At high altitude, the air is less dense, there is more "space" between air molecules. For the pitot tube to gather the the same number of air molecules (IAS) the airplane has to be moving faster over the ground at high altitude (in TAS) to scoop up the same number air molecules. Similarly, the wing will have roughly the same number of air molecules flowing over it at 200 KIAS at sea level as it will at 200 KIAS at 10,000 feet, although the TAS will be about 20% higher at 10,000 ft because the airplane has to cover more distance to pass through the same number of molecules at 10,000 ft.

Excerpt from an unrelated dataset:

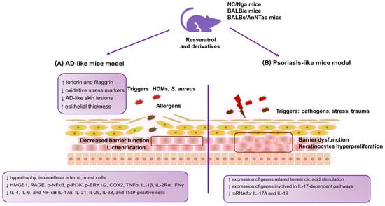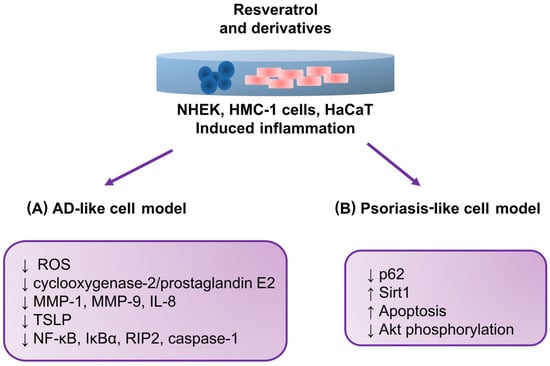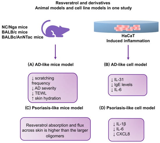 AD and psoriasis are disorders that, in their pathogenesis, show many similarities, ranging from the deregulation of the immune response through genetic determinants to abnormalities in keratinocyte proliferation. As a result, both conditions are characterized by dry, scaly skin. In order to accurately reflect the course of the pathogenesis of these diseases, cellular models are increasingly used [100]. In AD and psoriasis research, in addition to in vitro models, in vivo animal models are used [101,102,103]. Although animal models are widely used for AD and psoriasis research, researchers should be cautious when extrapolating their data to human diseases. This is dictated by the fact that many discrepancies have been noticed between animal models and the course of the disease in humans. Typically, these are differences in inflammatory profiles or the fact that human AD can be divided into several phenotypes and endotypes and distinct types depending on the patients’ age, chronicity, or genetic background, which influences the course of its pathogenesis [101,103]. In the case of psoriasis, it is crucial to be aware that similar hyperproliferative inflammatory phenotypes can result from different manipulations. Therefore, it was concluded that no animal model described so far reflects all aspects of human psoriasis [102]. Figure 1 summarizes the described relationships between resveratrol’s anti-inflammatory and antioxidant effects and its derivatives in developing inflammatory skin disorders.

This is a folksy yet valid explanation, but it only explains the density difference that increases TAS stall speed by the same amount that the pitot underreads, thus keeping EAS/IAS stall speed constant (assuming the density difference is the only difference)
But it doesn't explain the OP's question, which is a different one: why does EAS/IAS stall speed increase with altitude? And the answer is that there are differences besides density, which are compressibility and viscosity. And they cause the wing to stall at a lower AOA, thus decreasing the CLmax.
For many commercial airplanes, the IAS barber pole actually doesn't increase with altitude. In the B-747 for instance, Vmo is about 365 KIAS from sea level all the way until 365 KIAS becomes equivalent to Mach 0.92 at some point in the Mid 20,000's. Above that altitude, the "barber pole" slowly decreases in terms of IAS, bur remains constant at Mach 0.92. Of course 365 KIAS at 0 MSL is a lot slower in terms of TAS than 365 KIAS at 25,000....but in terms of air molecule flow over the wings and into the pitot tubes, it is roughly the same.
What's being asked about is the minimum speed barber pole, not the max. Ambiguous term, gotta be careful with them.